A favicon is the small icon that appears in your browser tab, bookmarks bar, and on the home screen when someone saves your site to their device. Though tiny, it is one of the most visible brand touchpoints your website has — users see it constantly while browsing.
Why You Need More Than One Favicon Size
Modern browsers and devices each have their own icon requirements. A single 16x16 ICO file is no longer sufficient. Apple devices need a 180x180 touch icon for the home screen. Android and PWA installations need 192x192 and 512x512 PNG files. Windows uses 48x48 for taskbar shortcuts. Covering all these means generating at least seven distinct files from your logo.
The Complete Favicon Size Guide
- 16x16px — Classic browser tab icon (low-DPI displays)
- 32x32px — Standard browser tab (most modern displays)
- 48x48px — Windows site shortcut
- 96x96px — Google TV and high-DPI shortcuts
- 180x180px — Apple touch icon (iOS home screen)
- 192x192px — Android home screen and PWA manifest
- 512x512px — PWA splash screens and app store previews
Best Favicon Formats: PNG vs ICO vs SVG
Modern browsers support PNG favicons directly — you no longer need ICO format. PNG is recommended for all modern use cases. SVG favicons are gaining support (Chrome, Firefox, Edge) and scale perfectly at any size; Safari still requires a PNG fallback. ICO format is only needed for IE11 and older browser support.
Branding Tips for Favicons
At 16px, complexity disappears entirely.

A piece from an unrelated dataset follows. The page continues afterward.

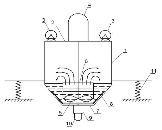 вертикальной осью, внутри которого со скоростью 6-8 м/с вращается ротор.

Use your logo mark — not your full wordmark — and test it on both dark and light browser themes. A transparent background lets the icon adapt naturally; a solid background gives more control but can look jarring in dark-mode browsers. Keep the design bold with strong contrast.
PWA Icons and Web App Manifest
If your site is a Progressive Web App, your site.webmanifest must reference icon paths. Add the 192x192 and 512x512 icons with purpose: 'any maskable' for adaptive icon support on Android. The maskable purpose means the launcher can apply a shape mask without clipping important content — keep your logo within the inner 80% of the canvas.